A no-cost Mass Save assessment is often required to access MassSave rebates and incentives; the assessment is helpful but not required to access Federal rebates and incentives.
A good resource for information on the new IRA rebates is Rewiring America, where they provide IRA fact sheets and a savings calculator. Another good resource is the Massachusetts Clean Energy Center, which includes a table on available incentives from both our state and the federal government.
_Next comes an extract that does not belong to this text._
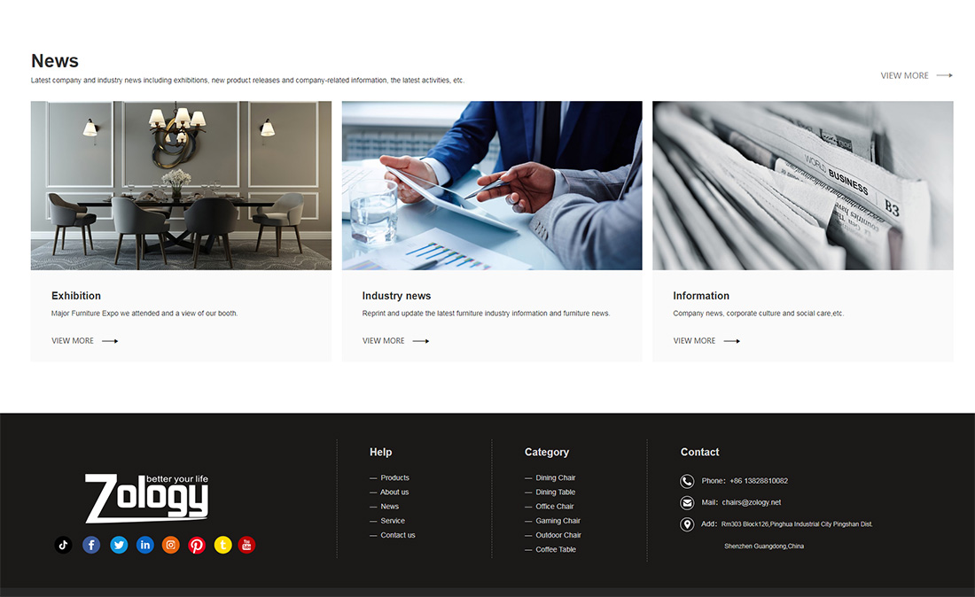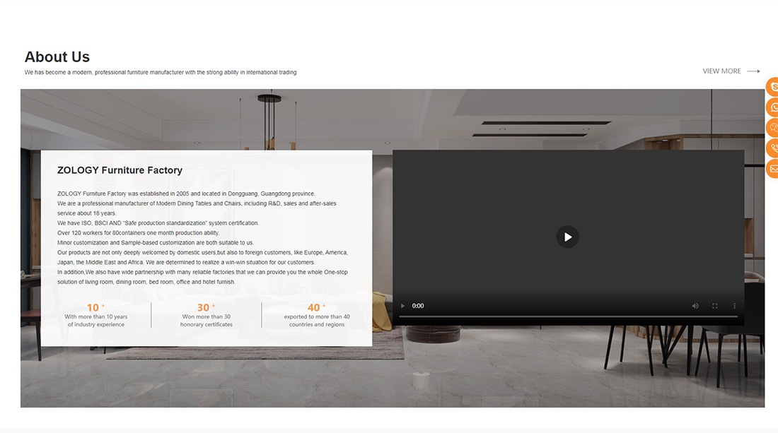 ZOLOGY Furniture Factory was established in 2005 and located in Dongguang, Guangdong province. We are a professional manufacturer of Modern Dining Tables and Chairs, including R&D, sales and after-sales service about 18 years

IMPORTANT: Verify with your installers that they have the proper licenses and insurance, and confirm that they have or will obtain all required permits and inspections from the Town of Brookline.
About Electrify Brookline
Electrify Brookline is a collaboration between the Town of Brookline’s Zero Emissions Advisory Board (ZEAB), Mothers Out Front Brookline and Climate Action Brookline. Our goal is to provide clear information to guide the community on the path toward electrification — improving the energy efficiency, health and comfort of their living spaces while reducing climate-damaging emissions to preserve a livable future for all.